I’ve been involved in conversations with various free cities people for some years. It’s very interesting to talk about and in some ways an appealing vision, it evokes something like a cyberpunk Renaissance Italy. But the Praxis Society is a talent sink, designed to get smart people working on something that isn’t going to help their country, and has no chance of being realized. They have raised $15 million. The average cost to build a hotel is $22 million.
At the height of the crypto era, schemes like these looked like they might be possible. It should be clear to everyone at this point that it is not, and will be less so as interest rates continue to rise. As I’ve said before, lots of smart people imagine it is possible to be a man without a country. It isn’t.
I told an old friend years ago, who founded a free cities NGO, that he was only going to be successful to the extent this model could be integrated into U.S. development goals in Africa. There, it strikes me as being able to fit pretty well: this model poses a contrast to Chinese debt-based development on the continent that, to my mind, makes America look good. We’re partnering with them to urbanize, the Chinese are exploiting them for natural resources, at best, if their goal isn’t simply to have African countries default and then seize the collateral.
What isn’t going to happen is a crypto-city in the Mediterranean, which is what the Praxis people are proposing. That they’ve put this possibility forward shows their project is really more about aesthetics and community-building than actually doing anything. The best outcome, if it were to be implemented, is it would become a hive of money laundering and criminality, and the Med already has one of those, it’s called Malta. Malta already presents, in a variety of different ways but chiefly their passports-for-cash schemes, security risks to Europe.
The worst-case is being taken over by the Montenegrins or whatever tiny country with poor governance decides to have a go at offering these people what would surely amount to not much more than a lease with unusual terms.
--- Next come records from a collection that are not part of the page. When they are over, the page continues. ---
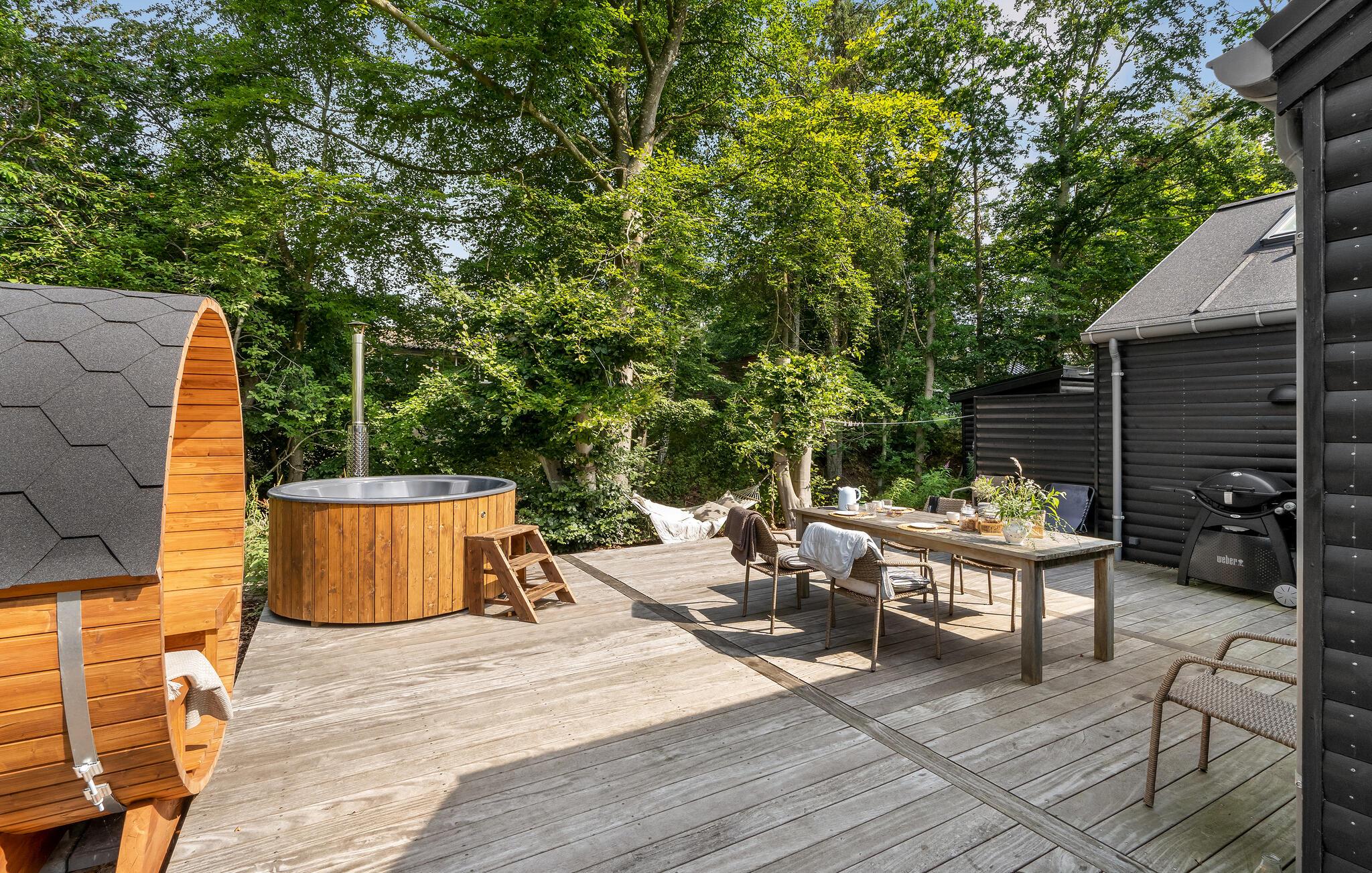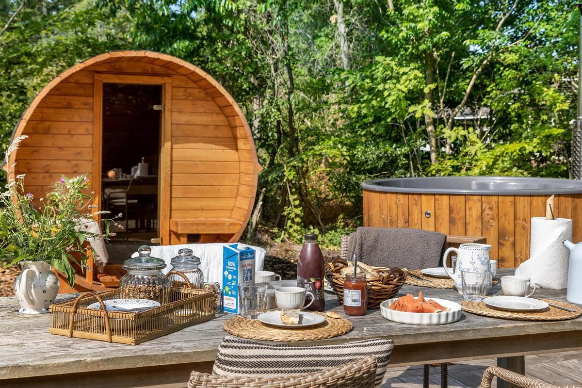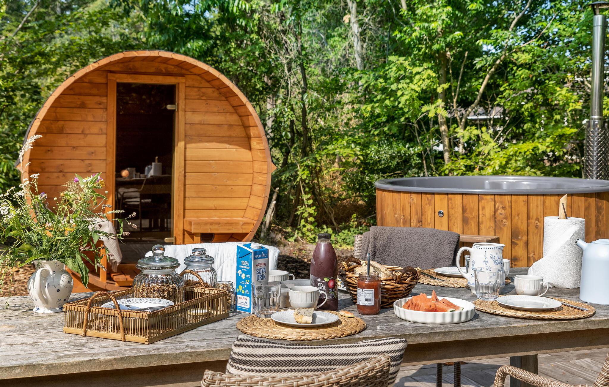 Het open terras met tuinmeubelen en barbecue is een geweldige plek om te genieten van een barbecue of een heerlijk ontbijt. Het Finse houten bad en de buitensauna nodigen u uit om te ontspannen.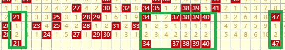 如上图遗漏2期选号 为:21 34 37 38 39 40 47 63 70 76共10个号码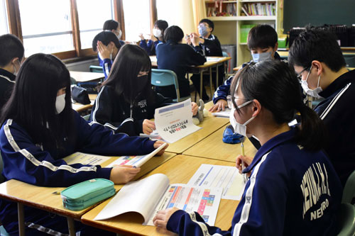 [写真/根室の未来像を話し合う光洋中の3年生 ]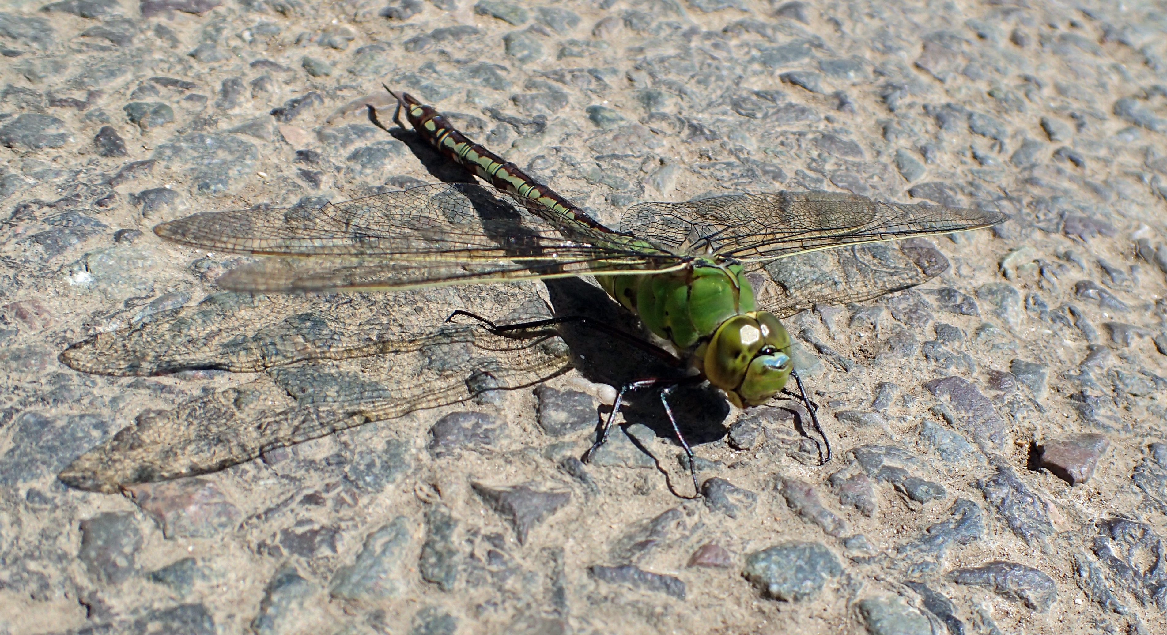 Resting female Emperor Dragonfly (Anax imperator), aggressive, and the largest of the hawker dragonflies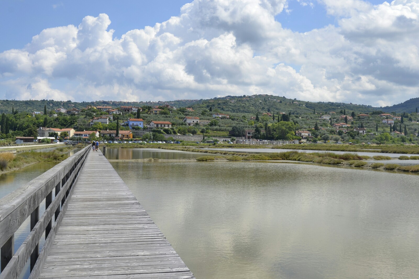 La parte de Lera la hice caminando por una pasarela recta que lleva hasta el centro de interpretación y que pasa junto a un montón de piscinas que se usan para conseguir la sal.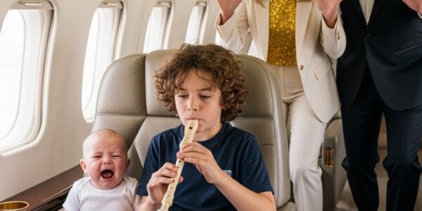 Business-class passengers were glaring as the billionaire’s infant screamed louder and louder — chaos everywhere. Hyn

If your libertarian governance project isn’t robust enough to avoid a takeover by the armed forces of Montenegro, it isn’t serious. Somewhere in between these two outcomes, they would be allowed to exist for a time, and surely be watched by various other foreign powers.
So what we have in Praxis is a quasi-secret society dedicated to undermining national sovereignty and getting smart people to work on a pointless project. Sounds like bad news, to me.